Дверь веранды была на запоре, но дверь с веранды в переднюю была открыта, и я увидел на полу прямоугольник света, падавшего через открытую дверь задней гостиной. Я постучал. Через секунду на освещенном месте в передней появилась Анна.

– Кто там? – крикнула она.

– Это я.

Она прошла по передней, пересекла веранду. Потом я увидел в темноте за сеткой ее тонкую белую фигуру. Я хотел сказать ей «здравствуй», но не сказал. Она возилась с замком, тоже молча. Потом дверь открылась, и я вошел.

Едва ступив на террасу, я услышал запах ее духов, и холодная рука сжала мне сердце.

– Я не думал, что ты меня впустишь, – сказал я, стараясь, чтобы это прозвучало шуткой, стараясь разглядеть в потемках ее лицо. Я видел только бледное пятно лица и темное мерцанье глаз.

– Конечно, впущу, – сказала она.

– Ну вот, а я не был уверен, – сказал я, издав нечто вроде смешка.

– Почему?

– Ну, за мое поведение.

Мы подошли к качелям на веранде и сели. Цепи скрипнули, но мы опустились так осторожно, что сиденье не шелохнулось.

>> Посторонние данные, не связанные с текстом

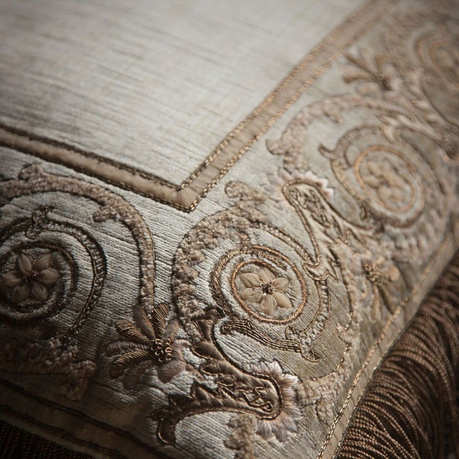Durch die Kombination aufwendiger Techniken mit Goldfäden, Chenille und goldenen Lederapplikationen entsteht dieses klassische und äußerst elegante Design.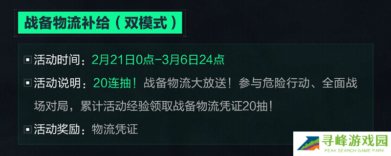 活动说明: 20连抽!战备物流大放送参与危险行动、全面战场对局,累计活动经验领取战备物流凭证20抽!
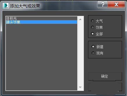 2、在泛光燈的修改器列表里找到“大氣與效果”,點擊“添加”,彈出對話框選擇“鏡頭效果”點擊確定,這樣,返回修改器的“大氣與效果”就有了“鏡頭效果”,選擇他然后點擊設置;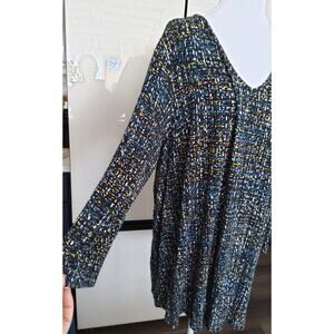 Jay Jill wherever collection V neck 3/4 sleeve blue black white pattern size 2X boho flowy and lightweight comfortable in good pre-owned condition basic signs of use no major flaws.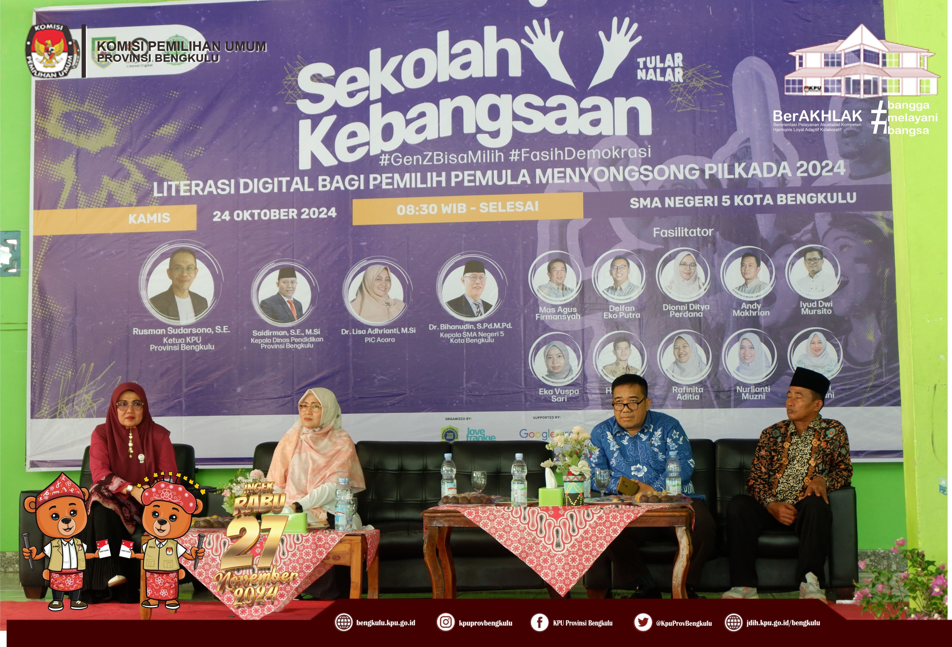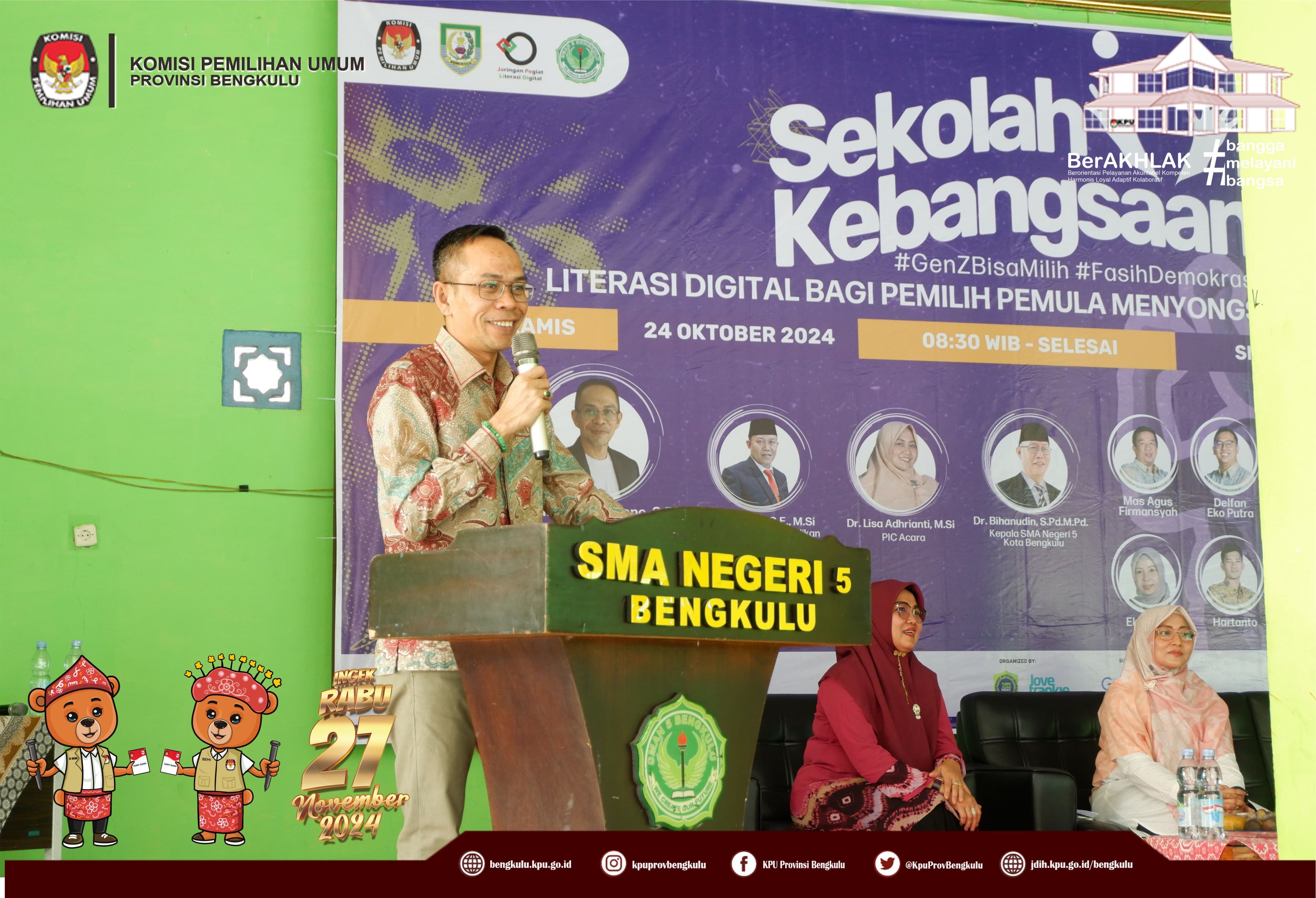Ketua KPU Provinsi Bengkulu hadir dalam Sekolah Kebangsaan dengan Tema Literasi Digital Bagi Pemilih Pemula Menyongsong Pilkada Tahun 2024

– А что ты такого сделал? – спросила она.

Я порылся в кармане, нашел сигарету и закурил. Я погасил спичку, не взглянув на ее лицо.

– Что я такого сделал? – повторил я. – Спроси лучше, чего я не сделал. Я не ответил на твое письмо.

– Ничего страшного, – сказала она. Потом задумчиво, словно обращаясь к себе, добавила: – Давно это было.

– Это было давно, шесть месяцев назад, семь. Но мало того, что я на него не ответил, – сказал я. – Я его не прочел. Я поставил его на бюро и до сих пор даже не распечатал.

Она ничего не ответила. Я несколько раз затянулся, ожидая ответа, но она молчала.

– Оно пришло не вовремя, – сказал я наконец. – Оно пришло, когда все на свете – даже Анна Стентон – казалось мне одинаковым, и мне на все было наплевать. Ты представляешь, о чем я говорю?

– Да, – сказала она.

– Ни черта ты не представляешь, – сказал я.

– Может быть, представляю, – тихо сказала она.

– Может быть, но не совсем то. С тобой такого не бывает.

– Может быть.

– В общем, поверь мне на слово. Все на свете, все люди казались мне одинаковыми. Мне никого не было жалко. Даже себя мне не было жалко.

– Я не просила меня жалеть, – возмутилась она. – Ни в письме, ни устно.

– Да, – медленно проговорил я, – думаю, что не просила.

– Я никогда тебя об этом не просила.

– Знаю, – ответил я и замолчал. Потом сказал: – Я приехал сюда, чтобы сказать тебе, что теперь я настроен по-другому. Мне надо было кому-то сказать… сказать вслух – чтобы убедиться в этом. И это правда.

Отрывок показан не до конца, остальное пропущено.